- WORK ORDER -
In the entries below, which lines run from the one with "Pink Bow Cherry Car Coasters" through the one with "Apparecchio miniaturizzato rettangolare"? Repeat exactly those, both included, and no pictures.
THE RECORDS Block Start
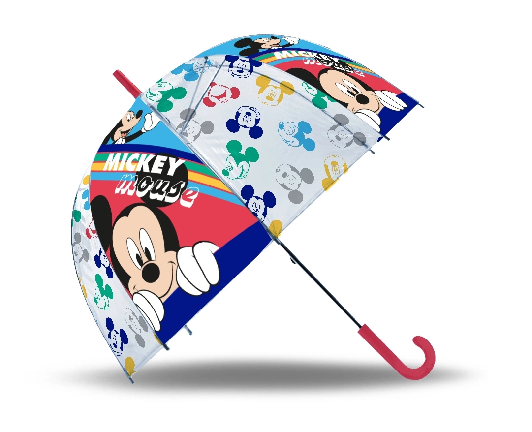 Parasolka Myszka Miki, automatyczna, przezroczysta zapewni doskonałą ochronę dziecko zarówno przed deszczem jak i słońcem.
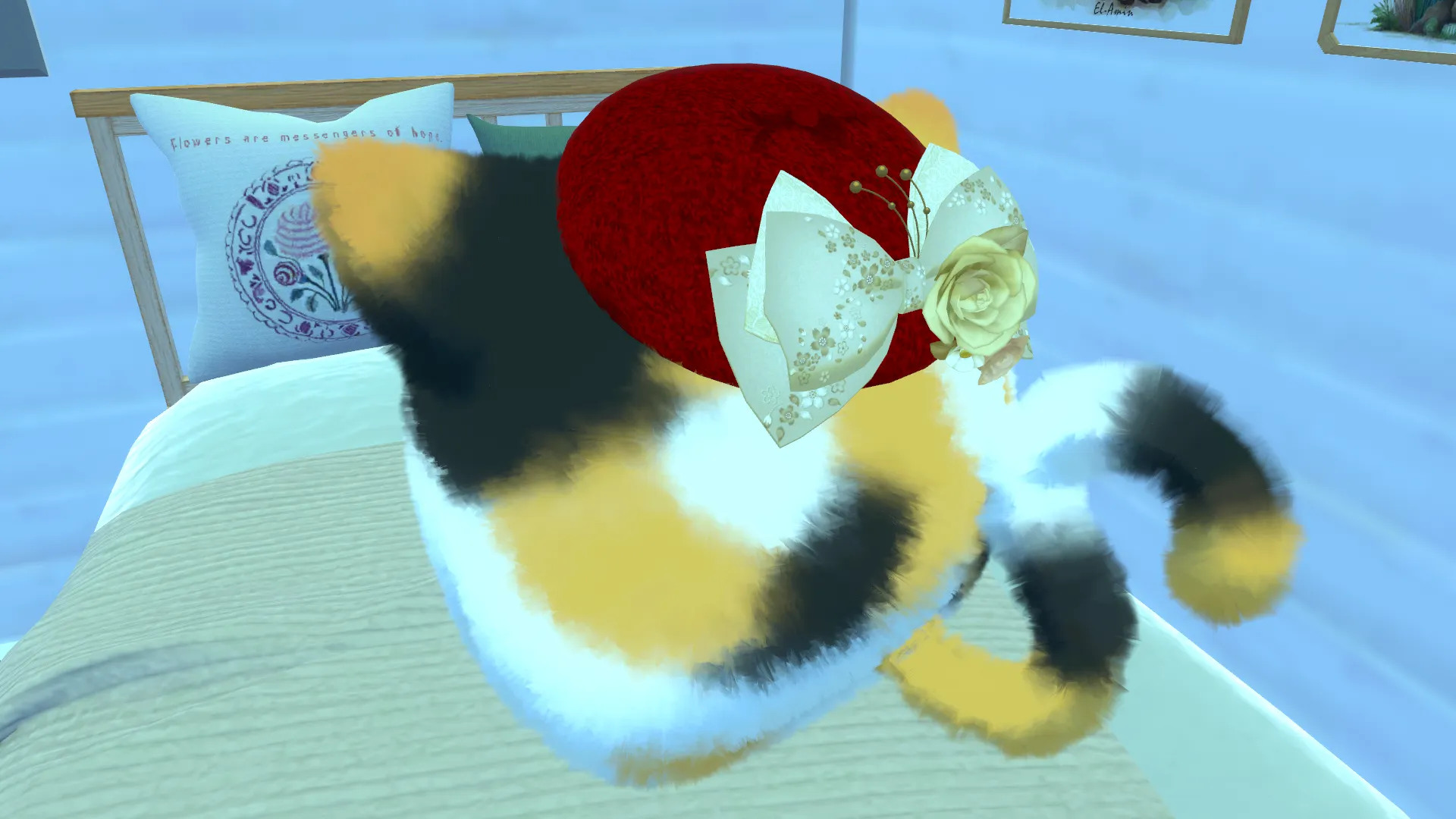 ねこですnねこもおしゃれをしますnnおぼうしとがまぐちのいろをあわせてあるのがぽいんとですnおりぼんはわふうでにほんねことしてのたしなみです
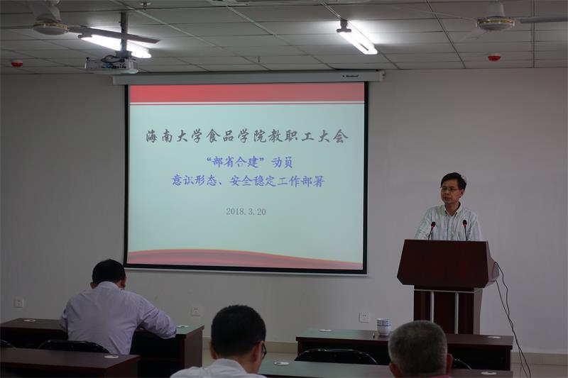 邓秀成书记传达了武耀廷书记在“部省合建”beat365在线体育动员大会的讲话精神以及李健保董事长2018春季工作部署。他指出,在“部省合建”政策支持下,beat365在线体育正式纳入教育部直属高校排序,教育部、海南省将会加大对公司发展的支持力度,beat365在线体育迎来了快速发展的黄金期。要求公司广大教师、员工将思想统一到公司“双一流”建设、“部省合建”beat365在线体育行动部署上来,紧扣大学核心竞争力,围绕人才培养、学术研究、服务国家战略和地方经济社会发展三大任务,认真思考食品公司的责任与担当,抢抓机遇,顺势而为,怀着无愧于新时代的责任感与使命感,扎实将部省合建各项任务落到实处。
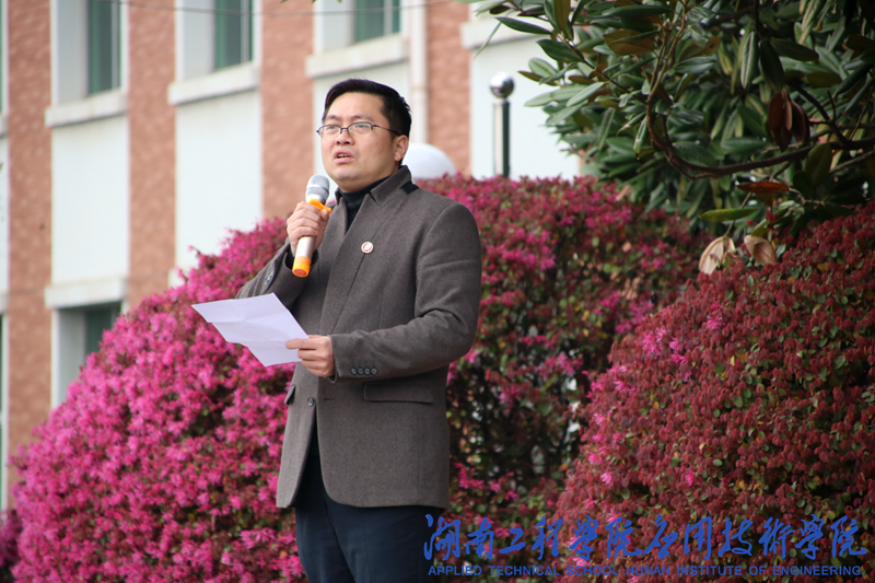3月21日中午12:30,我院三月工作讲评在南校区操场举行。我院党总支副书记徐粤宇、学生工作办公室主任刘红石、全体辅导员老师和大一至大三全体学生参加。本次讲评由徐粤宇主持。
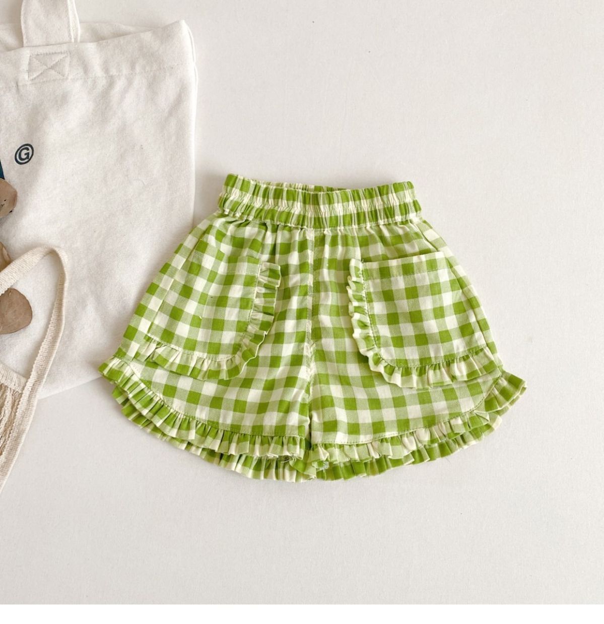 • 녹색과 흰색 체크 무늬 레이스 반바지
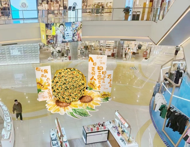 5月18日—21日,杭州大廈501城市廣場(chǎng)推出“健康生活、禮遇520”主題活動(dòng),在景曇路沿街?jǐn)[放巨型玫瑰花,營(yíng)造浪漫氣氛,為顧客營(yíng)造出一個(gè)溫馨浪漫的購(gòu)物環(huán)境。
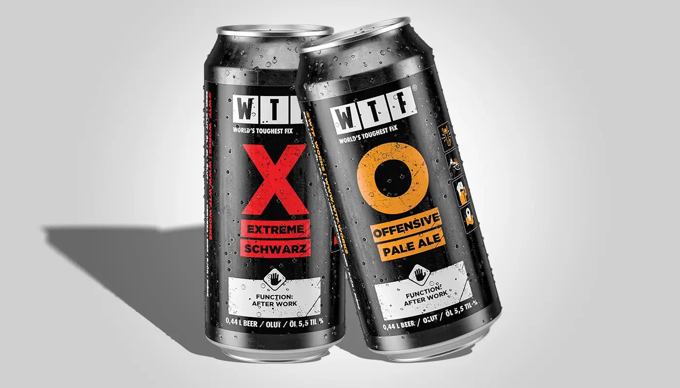 3D modeling and visualization for WTF beers sold as merchandise. In addition to five different 3D product images of the beers, the client wanted images of the products arranged in point-of-sale displays—specifically, in refrigerated display cases. This ensures a consistent visual style for marketing materials featuring the displays as well. The client supplied untextured 3D models of the displays from the manufacturer, along with the product label files. The can was modeled after a standard 0.5 L store-bought can.
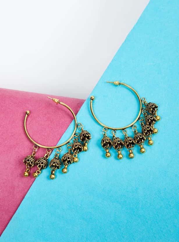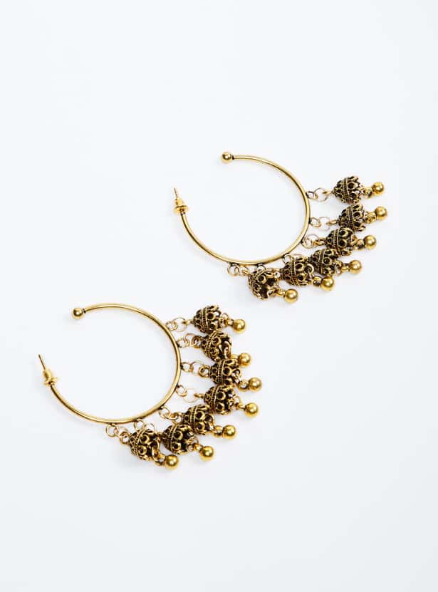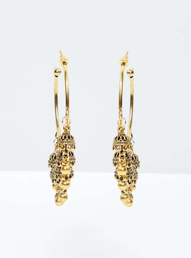 Accessorize your ensemble with the elegance of this chic pair of earrings, that comes with an embellished design and a jhumka silhouette. Style it with your ethnic attire for a statement-making look.
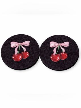 Pink Bow Cherry Car Coasters
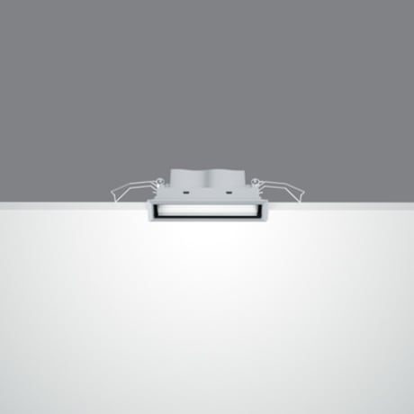 Apparecchio miniaturizzato rettangolare ad incasso con sorgenti LED. Corpo principale con superficie radiante in alluminio pressofuso, versione con cornice perimetrale di battuta. Sistema ottico asimmetrico specializzato per ottenere una efficace distribuzione wall washer. Recuperatore di flusso - riflettore in alluminio superpuro - schermo in PMMA con texture millerighe; una speciale pellicola in materiale acrilico, abbinata allo schermo, permette di ottenere un’emissione uniforme ed efficace sulla parete. Telaio perimetrale interno in policarbonato nero. Fornito con gruppo di alimentazione dimmerabile DALI collegato all’apparecchio. LED bianco warm - lifetime con flusso residuo 80% (L80): 50.000 ore - Ta 25°. LED 10W, 900lm. Efficienza luminosa (lm/W):26. Warm 3000K CRI83. Ottica: WW - Wall Washer. Orientabilità: fisso. Colore: Bianco / Nero.
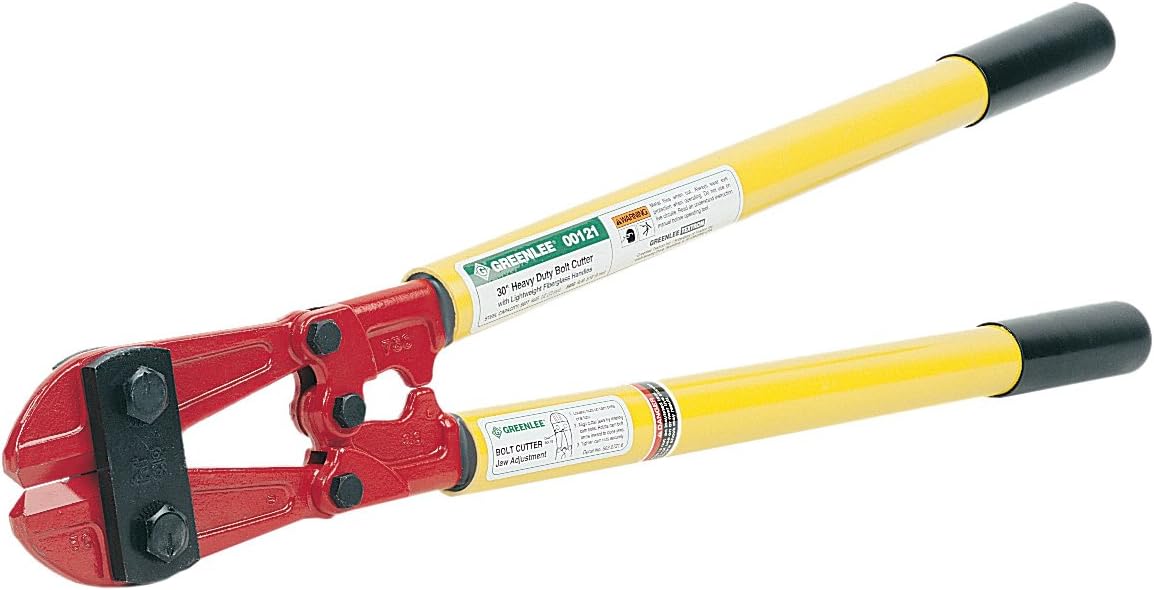 Product Description Heavy duty type; 18 inch overall length; forged process; 3.4 pound weight; fiberglass handle material; 5/16 inch up to 85 Rib, 7/32 inch up to 40 RC cutting capacity; steel jaw material; 85 Rib, 40 RC cut material hardness; handle type rubber grip From the Manufacturer Greenlee's heavy duty bolt cutters have a unique cam bolt blade adjustment for easy cutter alignment. Forged steel blades for long life. Clevis-mounted blades for greater strength. Custom rubber grips for maximum power. Fiberglass handles are tough and lightweight.
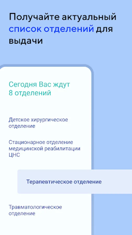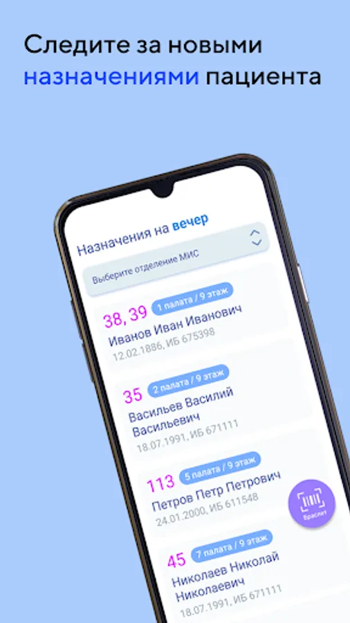 The guard nurse receives up-to-date information on the placement of the patient: floor, department, ward, bed.
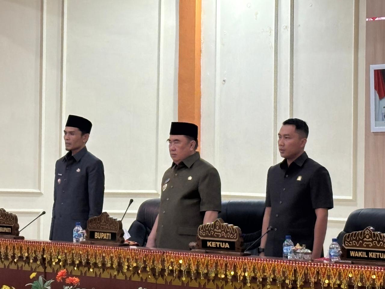 Rapat yang digelar di ruang sidang utama DPRD ini dipimpin langsung Ketua DPRD Tanggamus, Agung Setyo Utomo, dan dihadiri 33 anggota DPRD. Turut hadir Bupati Tanggamus Drs. Hi. Moh. Saleh Asnawi, MA., MH., didampingi Wakil Bupati Agus Suranto, Sekda Suadi, jajaran OPD, camat, serta Forkopimda dan tokoh masyarakat.
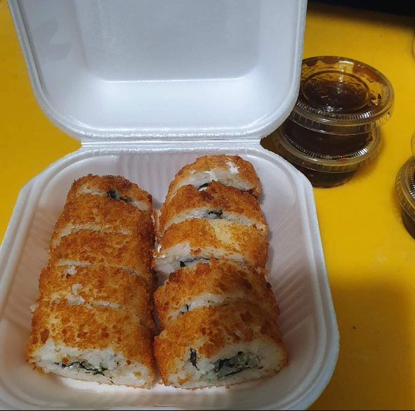 Panko Roll (10 bocados, porción personal), delicioso rollo relleno de aguacate, camarón, surimi y queso philadelphia, bañado con salsa de anguila y salsa de soya, chiles toreados, incluye palillos hashi.
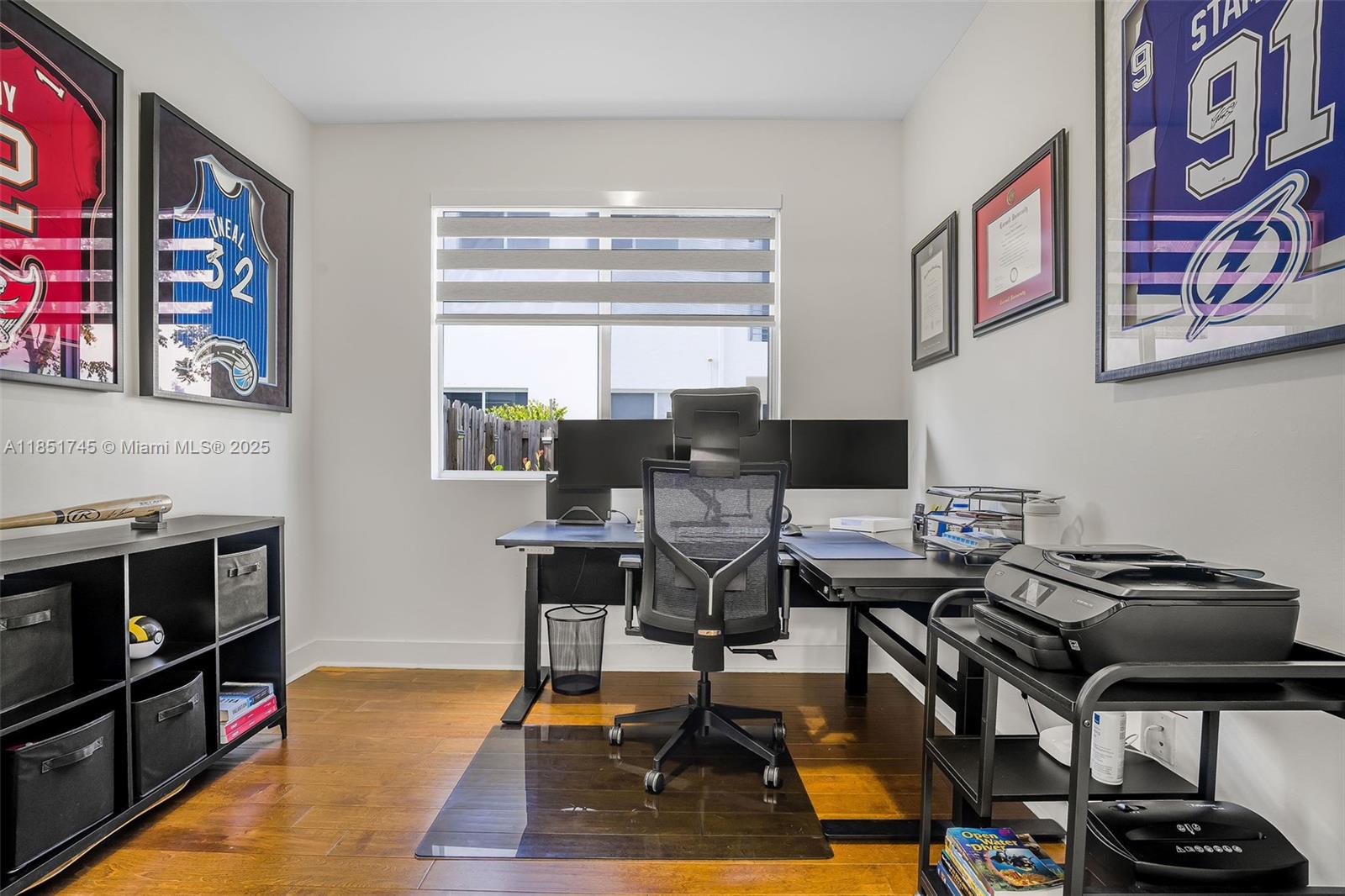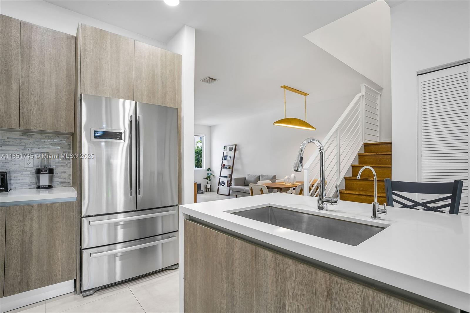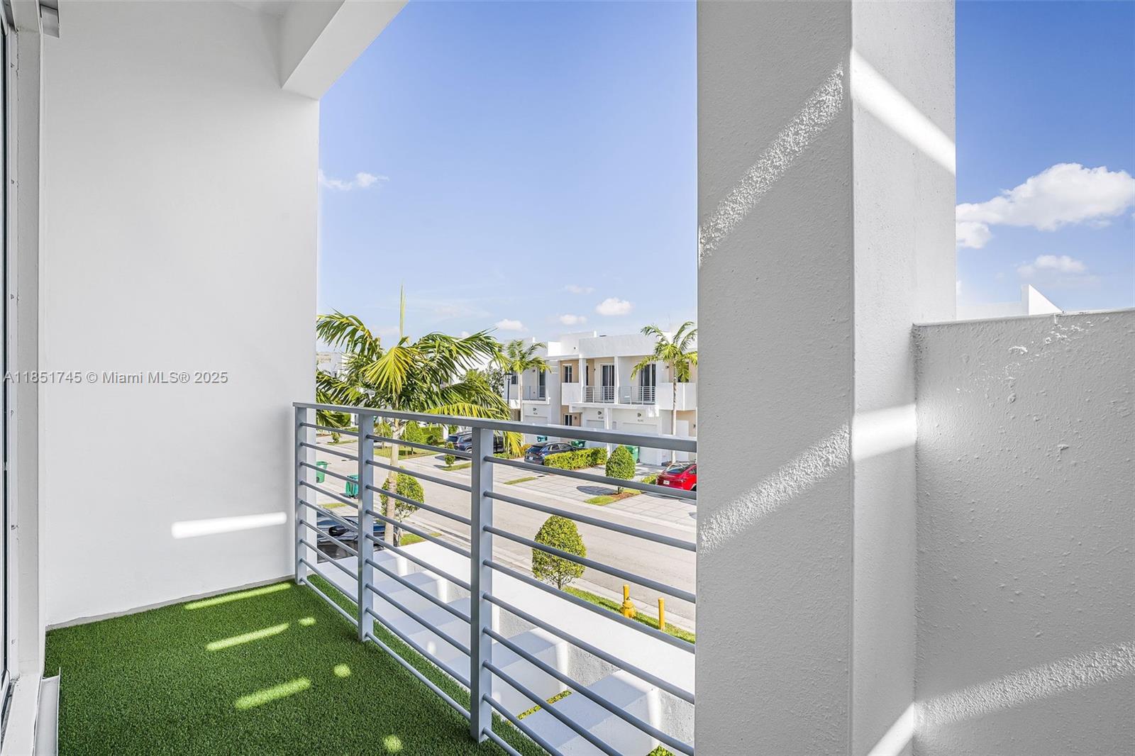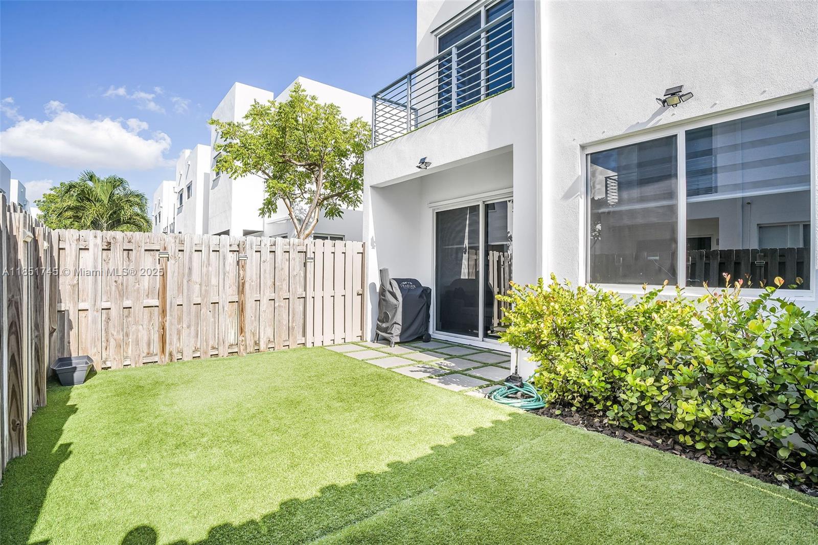 Two-story corner townhome located in the gated community of Neovita in Doral. Built with concrete construction and modern design, this home offers an open layout and a kitchen with contemporary finishes, a built-in wine cooler and recently updated amenities (e.g., dishwasher, faucet, garbage disposal, RO purifier). The exterior was recently painted, and a new garage door opener was installed. The home includes 4 bedrooms and 3 full bathrooms, with tile flooring on the first level and wood flooring upstairs. The backyard features artificial turf for easy maintenance, and the garage has been set up as a home gym with an EV charger. Bedrooms include dual-layer zebra blinds. HOA dues cover cable, internet, and access to the community clubhouse with a pool, gym, game room, kitchen, and more.
THE RECORDS Block End
- RESPONSE -
 Pink Bow Cherry Car Coasters
 Apparecchio miniaturizzato rettangolare ad incasso con sorgenti LED. Corpo principale con superficie radiante in alluminio pressofuso, versione con cornice perimetrale di battuta. Sistema ottico asimmetrico specializzato per ottenere una efficace distribuzione wall washer. Recuperatore di flusso - riflettore in alluminio superpuro - schermo in PMMA con texture millerighe; una speciale pellicola in materiale acrilico, abbinata allo schermo, permette di ottenere un’emissione uniforme ed efficace sulla parete. Telaio perimetrale interno in policarbonato nero. Fornito con gruppo di alimentazione dimmerabile DALI collegato all’apparecchio. LED bianco warm - lifetime con flusso residuo 80% (L80): 50.000 ore - Ta 25°. LED 10W, 900lm. Efficienza luminosa (lm/W):26. Warm 3000K CRI83. Ottica: WW - Wall Washer. Orientabilità: fisso. Colore: Bianco / Nero.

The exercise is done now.